Brown: I got to tell you, I can remember it very well. It doesn’t seem like 10 years ago. There were a couple of things happening. One was, well, as you know, as your listeners know, Texas is bigger than most countries, of course, and there was a long standing frustration that that whenever Texas was in the news, national news outlets would typically send in some reporter from New York or Washington to cover what was going on.
And since Texas was making a bigger and bigger mark on the national landscape, more people moving here and all that, it just made sense we should be hearing from journalists who live here and cover this place every day.
We have talked about growth — we have dedicated segments on business. We have beat reporters covering rural Texas. We have reporters covering the environment, Texans with disabilities, the arts.
That’s another thing that’s grown — we’re on virtually all of the public radio stations across Texas now. And early on, we had a handful of stations that were part of our partnership, and Texas Public Radio was one of the founding partners. So we had Houston Public Media, KERA up in North Texas, and of course, our home station, KUT in Austin.
So with that as a kind of basis, we started bringing in other partners, like the Texas Tribune, which is a nonprofit public media outlet, not on radio, but the reporters do first class work. The Texas Newsroom started to evolve out of that.
That’s a partnership of all of these stations bringing us the best in their reporting. And so, in terms of the coverage, I don’t think before Texas Standard existed, we had regular coverage of, say, the Texas State House. And if you’re down in San Antonio, you want to know what’s happening during a legislative session, but you don’t. No station has the resources to have someone there all the time. Now we do.

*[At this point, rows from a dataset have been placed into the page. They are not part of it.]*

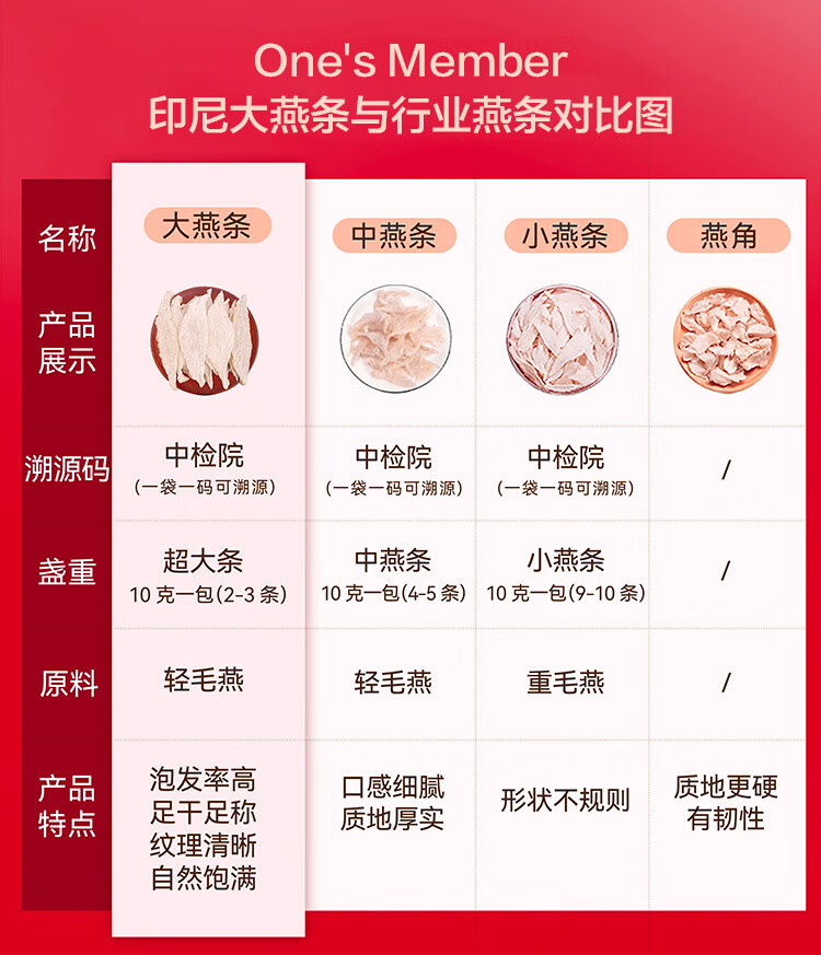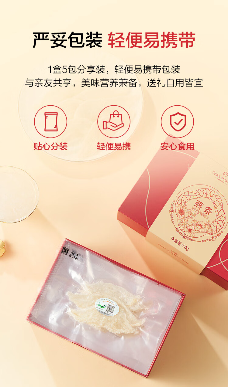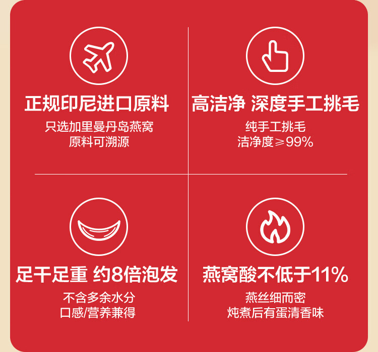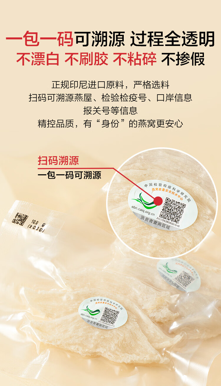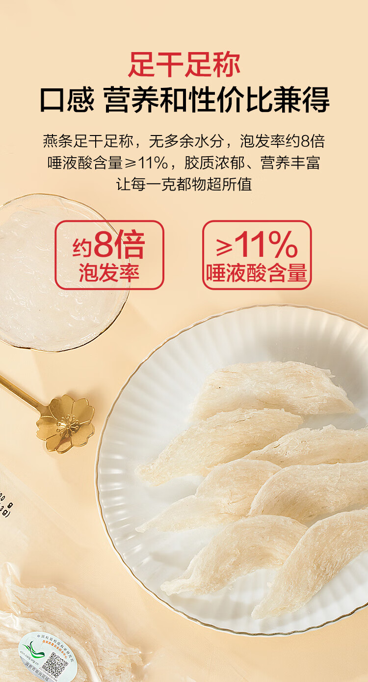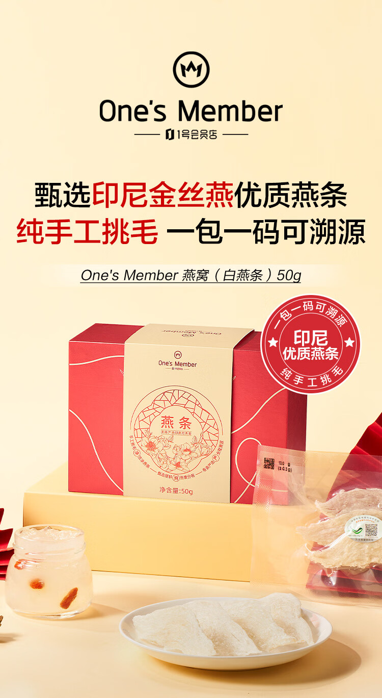 1号会员店50g印尼大燕条干燕窝盏可溯源高洁净送礼送父母爸妈长辈
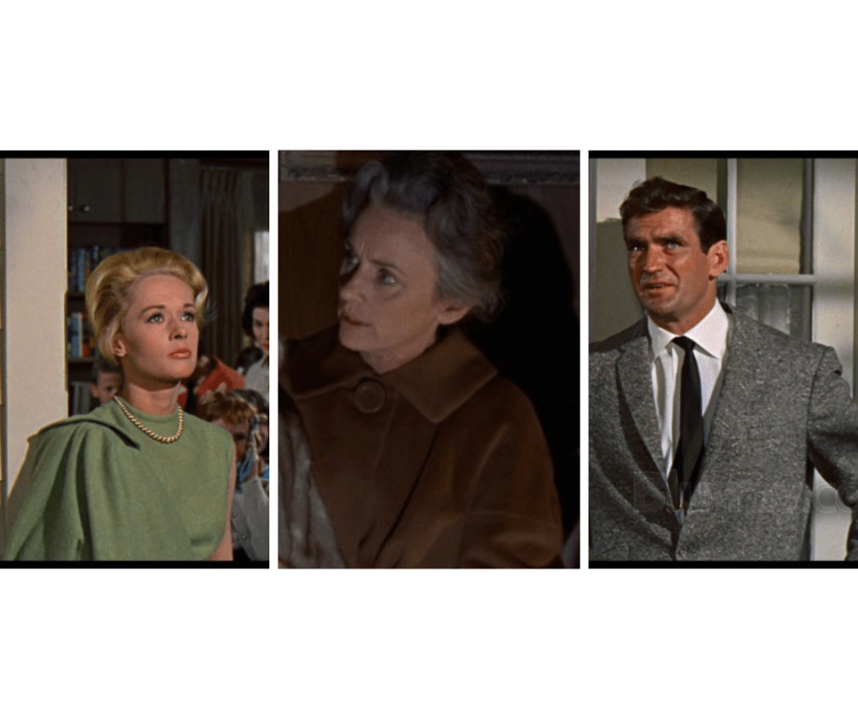 Es gibt aber auch noch eine Weitere Eben, die ein typisches Element von Hitchcock ist: Oedipus. Auch diese Thematik sehen wir in diesem Film, auf einer zwischenmenschlichen Ebene, wenn es um die Beziehung von Mutter und Kind geht. So wird die Mutter von Mitch als eine anhängliche, von Verlustängsten geplagte Frau inszeniert, die jede Beziehung ihres Sohnes unterbindet.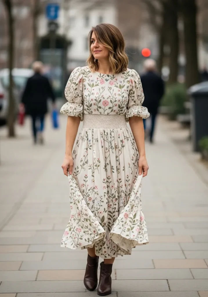 This look features a light cream midi dress covered in delicate floral prints that feel fresh and romantic. The puff sleeves add a gentle vintage touch, while the fitted waist and flowy skirt create that easy boho movement I always love in spring. Paired with ankle boots, the whole outfit feels relaxed yet styled enough for a city stroll.

And so I think that there have been a lot of not just nuanced changes that I think the Standard has brought to the public media landscape. I think that it’s actually been rather pronounced. And we hear from legislators, for example, all the time, people who say, “Yeah, I listen to the Standard every day. It’s just part of my news diet.”
Martinez: Now I want to find out from you what some of your favorite stories that you remember airing on the Texas Standard in the last 10 years that were from San Antonio.
Brown: You know what? I remember … this was actually just a couple of days before we actually went on the air. In fact, this may have been part of our first show, because I know we wanted to make a splash with that first show, don’t you know.
I went down with Casey Cheek, our technical director, and some producers. We went down to the Alamo because we heard that Phil Collins, the musician, was going to be down there. I had no idea about this, but apparently he has, since he was a little kid, been an Alamo fan. I think he saw something on television about it and just fell into the rabbit hole. And all his life, had been collecting artifacts related to the history of Texas and the Alamo in particular.
So I caught up with him and he had this to say:
“For me, the collecting, you know, it’s not to amass something that is worth a lot of money, you know, I don’t intend to sell it on. I never did do, but it’s been great fun collecting it, and I will continue to collect, to add to it. But having it here, I mean, just doing this interview, in this sacristan. I mean, this is big deal for me. I grew up loving this place since I was five years old.”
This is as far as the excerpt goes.